Former Code 1933, § 26-2501 (see now O.C.G.A. § 16-10-52) was not unconstitutionally vague and gives sufficient notice of prohibited conduct to persons of ordinary intelligence. Johnson v. State, 246 Ga. 126, 269 S.E.2d 18 (1980).

Challenge to the constitutionality of O.C.G.A. § 16-10-52(a.1) was rejected by the Supreme Court where the case, which was originally appealed to that court, was transferred to the Court of Appeals, indicating that no constitutional question was in fact properly raised or, if so raised, was not meritorious. Ashton v. State, 217 Ga. App. 337, 457 S.E.2d 226 (1995).

Former Penal Code 1895, § 314 (see now O.C.G.A. § 16-10-52) was inapplicable to one whose confinement was for safekeeping only, and was not part of court sentence. Welch v. State, 4 Ga. App. 388, 61 S.E. 496 (1908).

O.C.G.A.

§ 16-10-52 did not apply to juvenile's escape from custody. - Juvenile who was taken into custody by the police for a probation violation, and who escaped, could not be adjudicated delinquent based on the adult crime of misdemeanor escape since the juvenile was not in custody prior to or after having been convicted of a felony, misdemeanor, or violation of a municipal ordinance.

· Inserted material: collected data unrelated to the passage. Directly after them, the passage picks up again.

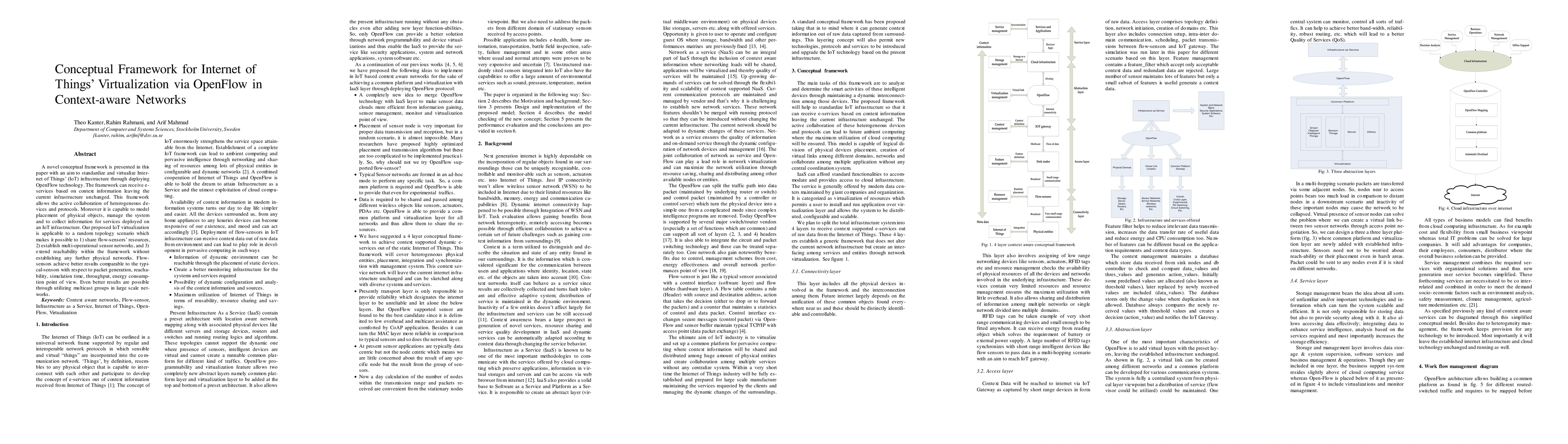 This paper proposes a novel conceptual framework to standardize and virtualize IoT infrastructure using OpenFlow technology, enabling context-aware networks and the collaboration of heterogeneous devices without altering existing infrastructure. The framework enhances resource sharing, multioperational sensor networks, and reachability through flow sensors, achieving better performance metrics.
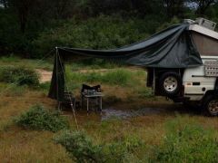 Westlich vorbei am Mount Kenia und am "Samburu National Reserve" finden wir dann einen Straßenabzweig (N 00.43.700/ 0 37.34.700), der uns zu einem tollen Lagerplatz führt. Abends fängt es auch hier wieder an zu regnen, fast die ganze Nacht hindurch.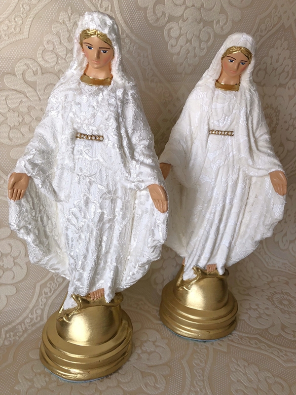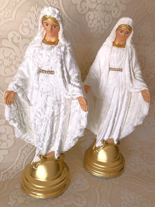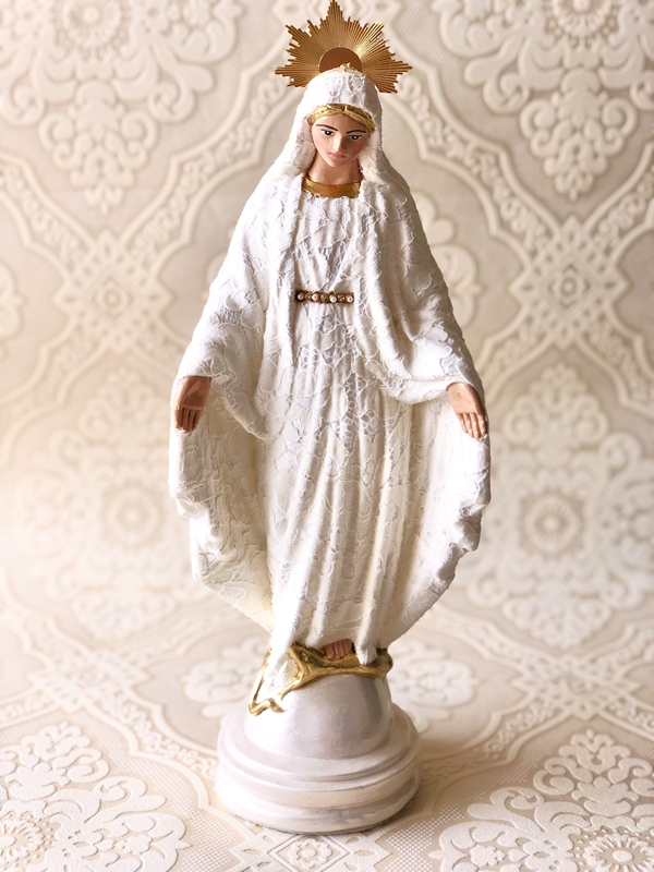 Imagem de Nossa Senhora das Graças com 30cm trabalhada inteira em renda sem bordado de pedrarias, com resplendor raiado.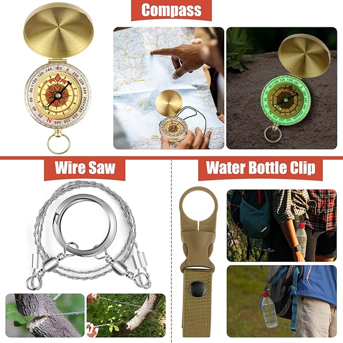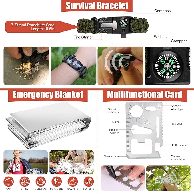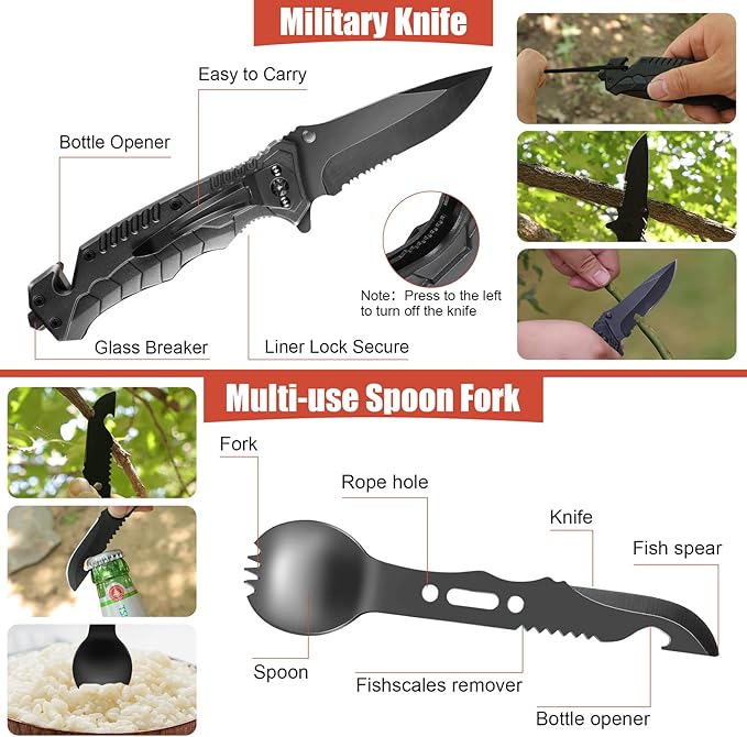 - 14 in 1 Multi Survival Kits:equipped with 14 EDC gear practical tools with multi-function , this kit includes: Water Bottle Clip, Tactical Pen,Survival Bracelet,Emergency Blanket, Fire Starter, Fire Starting Stick,multifunctional Card,Multi-use Spoon Fork,Fishing Equipment,Wire Saw,etc.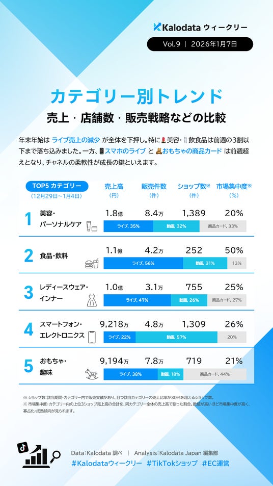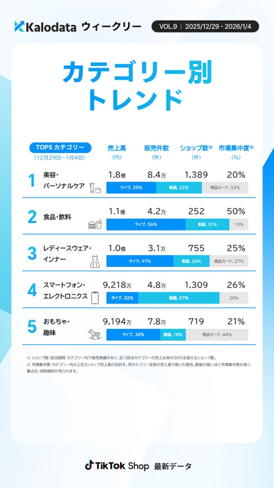 Kalodata Japan(運営:株式会社Kalowave Japan)の最新データ分析によると、2025年12月29日~2026年1月4日のTikTok Shop日本市場では、年末年始の影響によりライブコマースの稼働が一時的に低下したものの、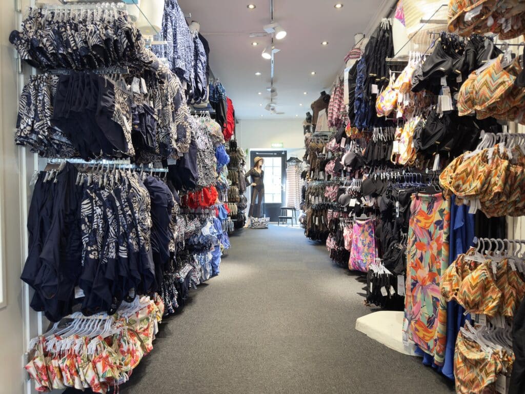 Redan när man tar första klivet in genom dörren möts man av något mer än bara bad- och underkläder. Här finns en varm, lugn och personlig atmosfär. Den lantliga charmen möter färgsprakande badmode, vackra spetsar och noggrant utvalda kvalitetsplagg. Många kunder blir förvånade över butikens storlek. Bakom den idylliska fasaden döljer sig 140 kvadratmeter fyllda av badkläder, underkläder och nattplagg.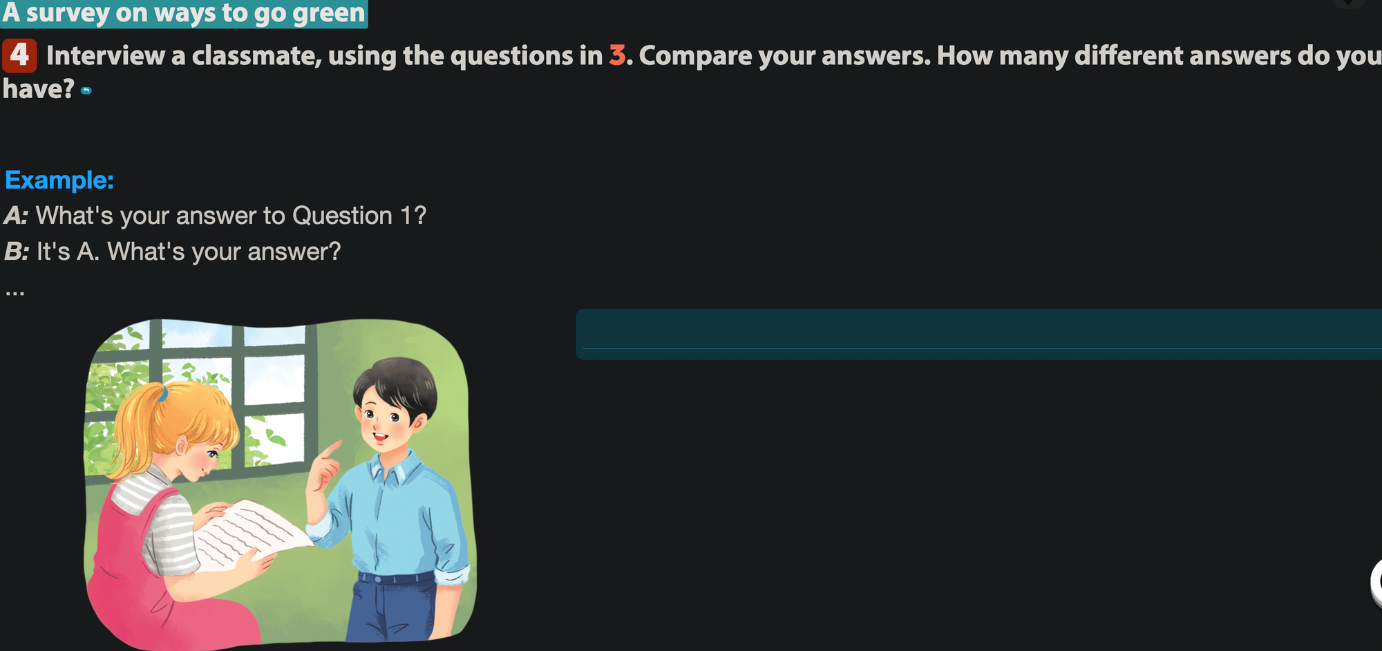 (Phỏng vấn một bạn cùng lớp, sử dụng các câu hỏi trong 3. So sánh các câu trả lời của bạn. Bạn có bao nhiêu câu trả lời khác nhau?)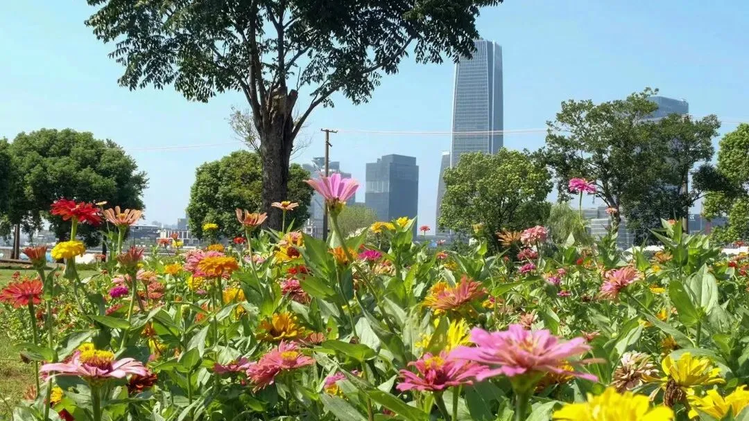 处暑时节,一同战高温的还有东岸滨江一大片百日草花海,如今花开正好。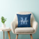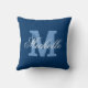 Gepersonaliseerde naam monogram marineschok blauw en wit werpen kussen. kussen, monogrammen, met naam en initiaal. achtergrondkleur. Het elegante ontwerp van de manuscripttypografische tekst. Kassy kerkdeeg voor sofa-stoelbank of bed.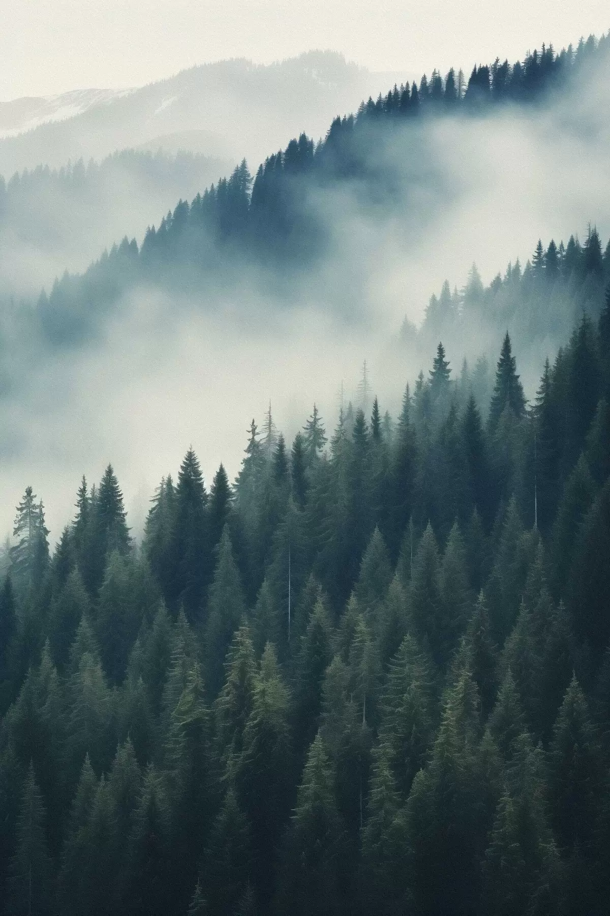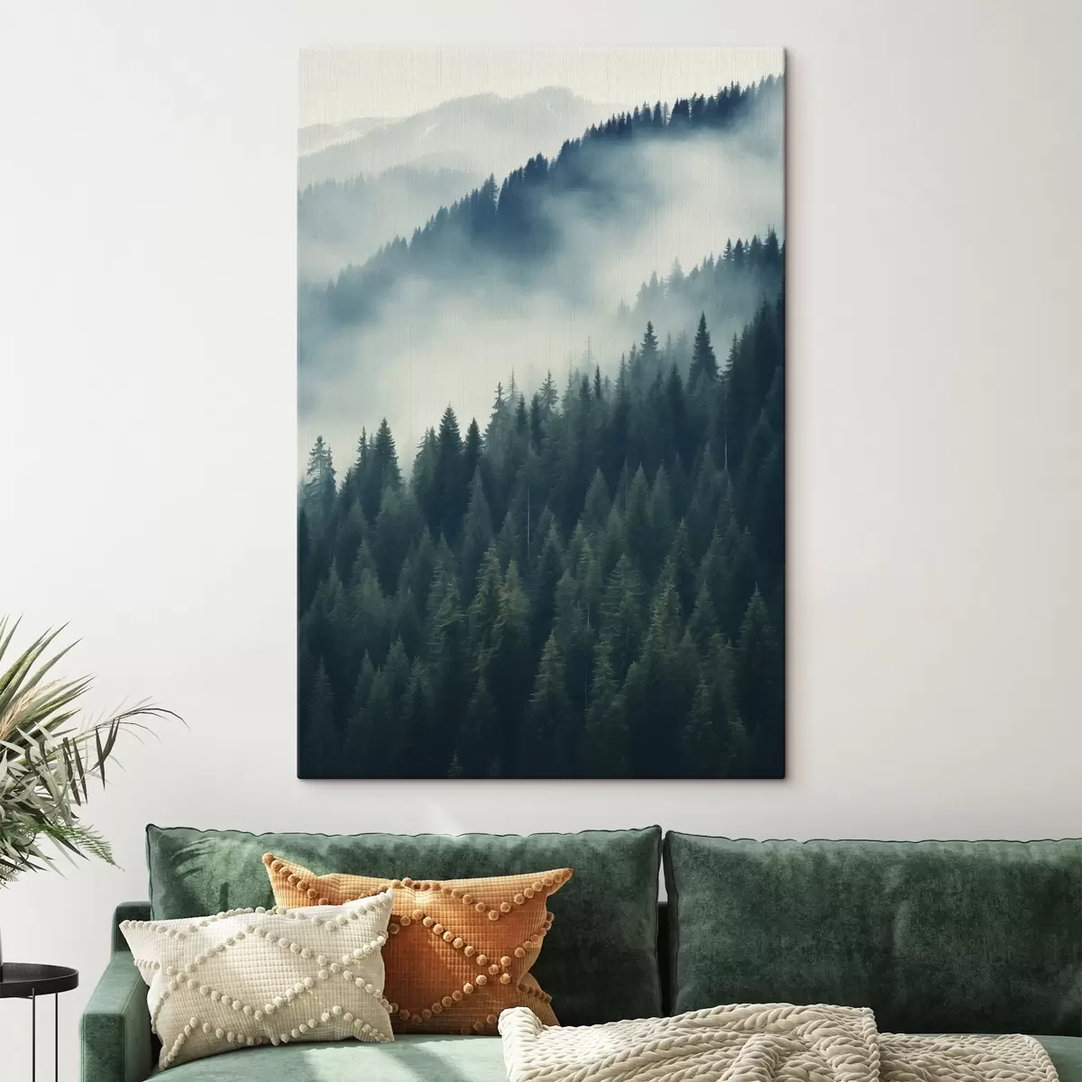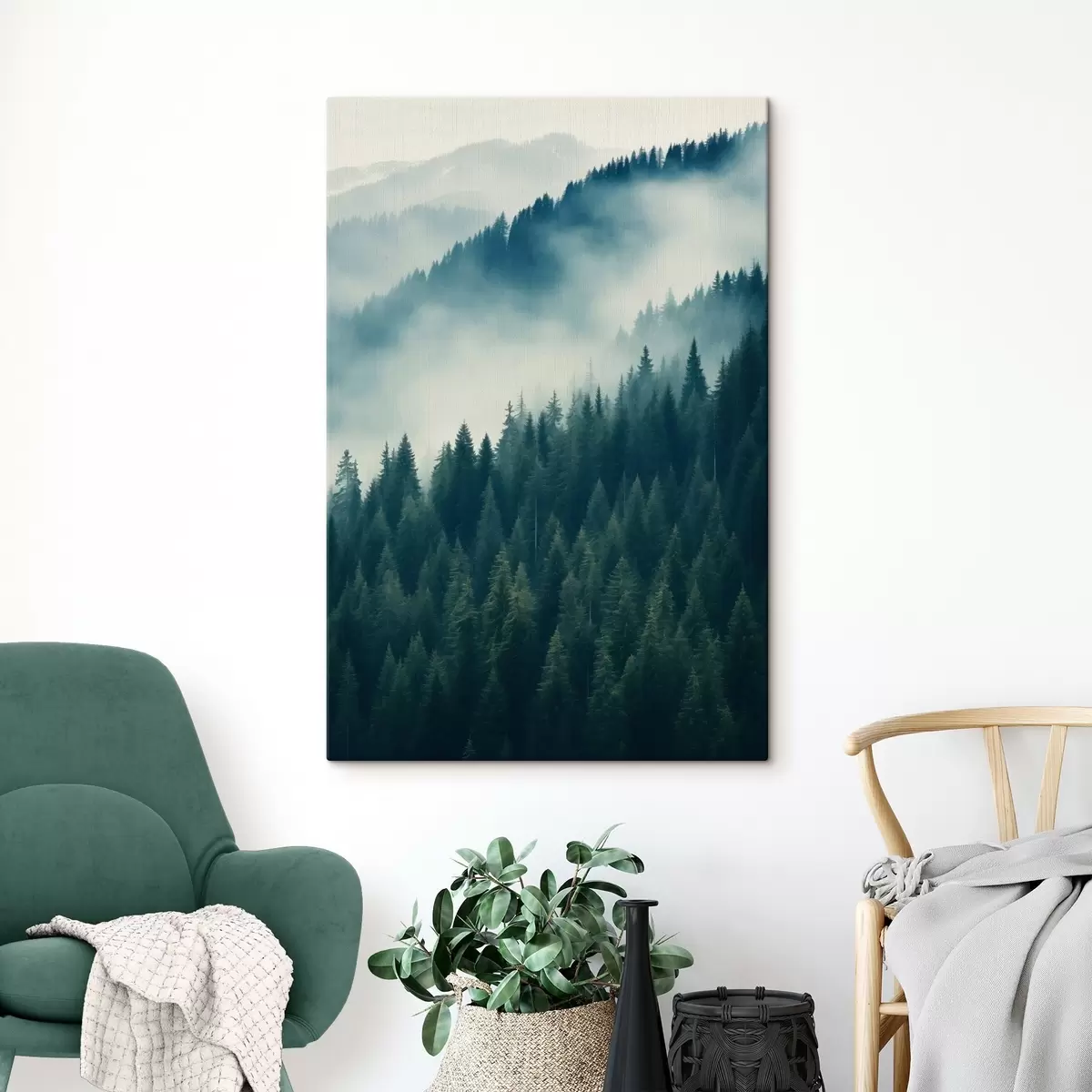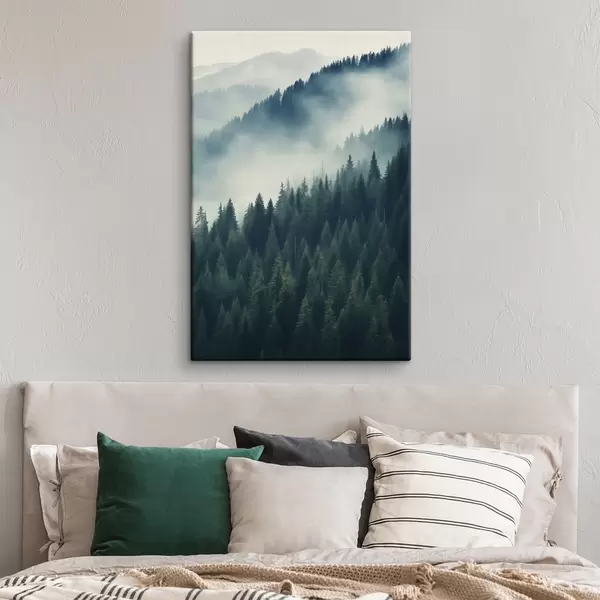 Obraz Mgła nad zboczami porośniętymi drzewami iglastymi, głębokie odcienie zieleni Nr s46516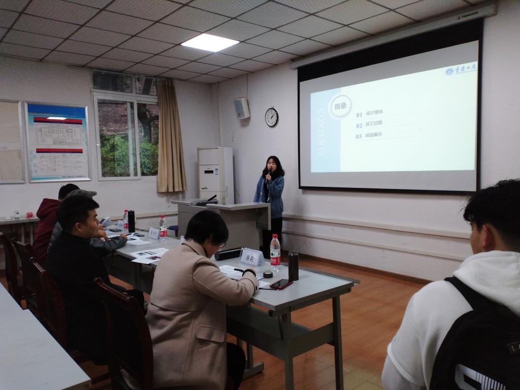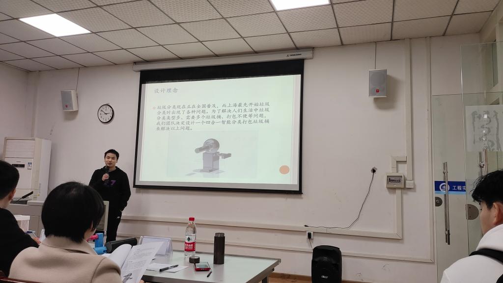 此次大赛主要以答辩的方式进行,由吴振宏、蒋莉、张建恒、夏洪均四位老师担任评委。此次参加的共有17个小组,每个组的作品都各有特点。本次有三个参赛作品都是以垃圾分类为话题来制作的相关的物品,他们也在此次比赛中都名列前茅。其中罗群小组的“分类垃圾桶”在此次比赛中获得第一。比赛时,参赛选手详细地为四位老师讲解了他们的作品。同时,每个小组还对自己作品的不足进行了总结,并提出了相应的改进方案。每组的答辩时间为5分钟,答辩内容包括功能特点、创意来源和设计思路等等。答辩结束后,每个组都和老师们进行了交流,让老师们更加的了解了他们的作品,方便了老师对他们做出评价。在与老师们的交流过程中,参赛选手们也有不少收获。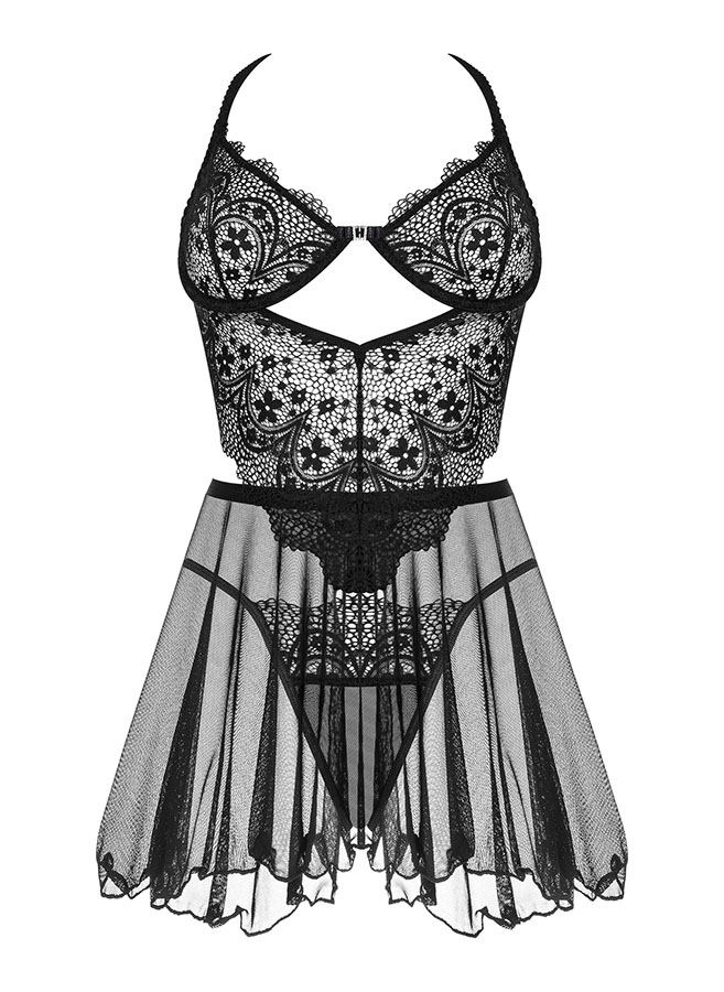 Särgi ülemist osa kaunistab kaunite mustritega pits, mis tõstab esile dekoltee ja lisab luksusliku aktsendi. Alumise osa kerge ja poolläbipaistev materjal toob esile keha loomuliku ilu, luues õhulise ja sensuaalse ilme. Komplekti kuuluvad ka elegantsed stringid, mis täiendavad öösärki ideaalselt, pakkudes terviklikku ja harmoonilist välimust.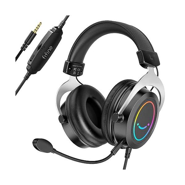 FIFINE ゲーミングヘッドセット 3.5mm接続 有線 密閉型 RGBライティング 脱着式マイク付き PC/スマホ/Switch/PS4/P

In re J.B., 222 Ga. App. 252, 474 S.E.2d 111 (1996).

O.C.G.A. § 16-10-52 does not apply to persons in custody for contempt, either civil or criminal. Flanagan v. State, 212 Ga. App. 468, 442 S.E.2d 16 (1994).

One confined by lawful authority must submit until delivered by due process by law. Grimes v. Burch, 223 Ga. 856, 159 S.E.2d 69 (1968).

Word "escape," as used in former Penal Code 1895, § 314 (see now O.C.G.A. § 16-10-52), may include escape from constructive confinement. Smith v. State, 8 Ga. App. 297, 68 S.E. 1071 (1910).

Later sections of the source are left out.